==== Records to process
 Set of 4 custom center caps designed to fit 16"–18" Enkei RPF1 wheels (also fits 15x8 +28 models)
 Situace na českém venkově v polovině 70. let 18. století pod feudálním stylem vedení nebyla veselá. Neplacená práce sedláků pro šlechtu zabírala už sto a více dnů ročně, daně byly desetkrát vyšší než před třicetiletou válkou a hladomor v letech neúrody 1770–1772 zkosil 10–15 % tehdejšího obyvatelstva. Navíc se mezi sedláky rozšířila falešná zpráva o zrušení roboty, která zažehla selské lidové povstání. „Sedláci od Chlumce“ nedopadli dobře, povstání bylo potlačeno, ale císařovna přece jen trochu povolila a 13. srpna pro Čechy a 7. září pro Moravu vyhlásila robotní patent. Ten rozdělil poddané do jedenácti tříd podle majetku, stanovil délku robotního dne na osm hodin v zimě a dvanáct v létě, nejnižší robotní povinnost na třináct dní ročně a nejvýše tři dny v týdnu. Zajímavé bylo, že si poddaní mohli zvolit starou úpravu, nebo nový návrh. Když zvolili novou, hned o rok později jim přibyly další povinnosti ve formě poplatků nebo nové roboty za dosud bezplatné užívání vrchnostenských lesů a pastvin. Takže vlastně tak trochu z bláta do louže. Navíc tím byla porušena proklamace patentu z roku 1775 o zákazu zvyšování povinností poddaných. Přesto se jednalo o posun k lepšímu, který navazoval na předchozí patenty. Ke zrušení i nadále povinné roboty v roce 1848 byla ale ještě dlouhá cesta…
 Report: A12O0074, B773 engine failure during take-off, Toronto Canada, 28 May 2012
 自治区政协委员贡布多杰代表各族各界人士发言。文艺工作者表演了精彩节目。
========
==== Records to process
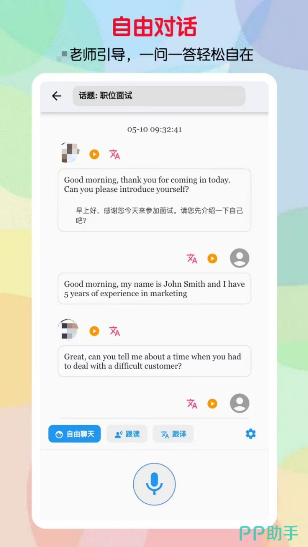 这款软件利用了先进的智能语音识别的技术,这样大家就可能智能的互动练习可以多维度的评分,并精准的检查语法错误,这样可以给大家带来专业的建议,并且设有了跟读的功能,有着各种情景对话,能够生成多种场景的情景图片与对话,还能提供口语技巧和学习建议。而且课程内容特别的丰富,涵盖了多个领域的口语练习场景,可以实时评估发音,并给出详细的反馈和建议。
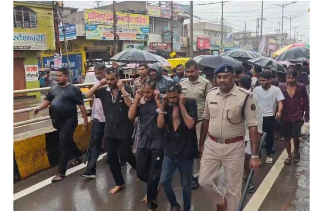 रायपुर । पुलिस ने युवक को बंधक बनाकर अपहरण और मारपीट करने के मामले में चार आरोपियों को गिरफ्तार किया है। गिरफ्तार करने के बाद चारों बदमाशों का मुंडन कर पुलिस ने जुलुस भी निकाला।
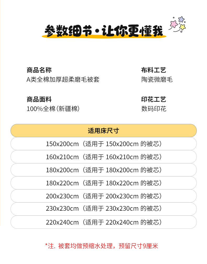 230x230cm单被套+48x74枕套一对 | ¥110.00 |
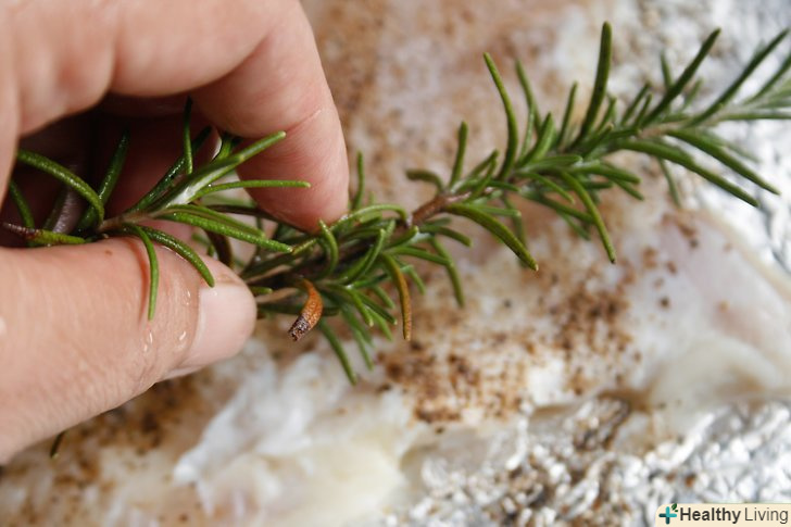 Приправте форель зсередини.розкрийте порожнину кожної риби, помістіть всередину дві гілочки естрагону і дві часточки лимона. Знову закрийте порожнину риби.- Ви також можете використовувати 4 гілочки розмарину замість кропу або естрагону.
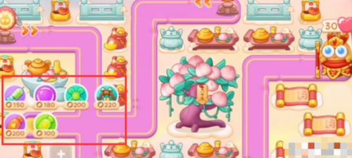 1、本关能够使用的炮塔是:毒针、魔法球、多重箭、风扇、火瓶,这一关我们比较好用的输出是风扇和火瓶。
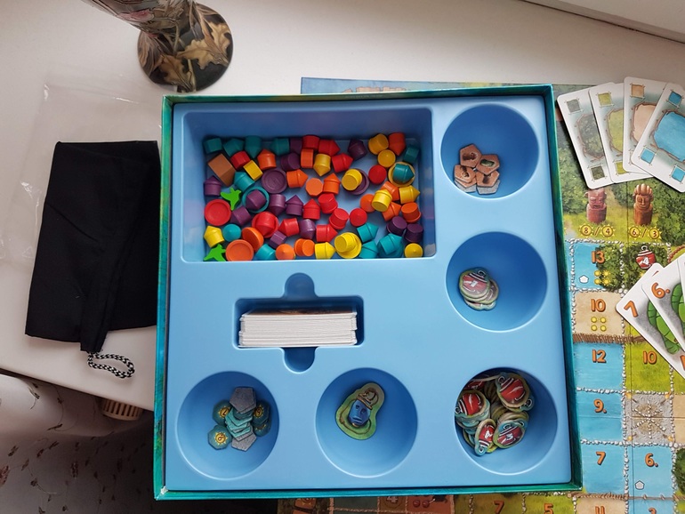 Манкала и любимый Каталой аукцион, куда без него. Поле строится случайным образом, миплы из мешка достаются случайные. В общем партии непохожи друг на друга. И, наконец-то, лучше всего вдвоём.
========
**Directions:**
Within the data above, the lines from the one with "Report: A12O0074, B773" to the one with "自治区政协委员贡布多杰代表各族各界人士发言。文艺工作者表演了精彩节目。" must be repeated exactly; no other line belongs in the answer.

**Task solution:**
 Report: A12O0074, B773 engine failure during take-off, Toronto Canada, 28 May 2012
 自治区政协委员贡布多杰代表各族各界人士发言。文艺工作者表演了精彩节目。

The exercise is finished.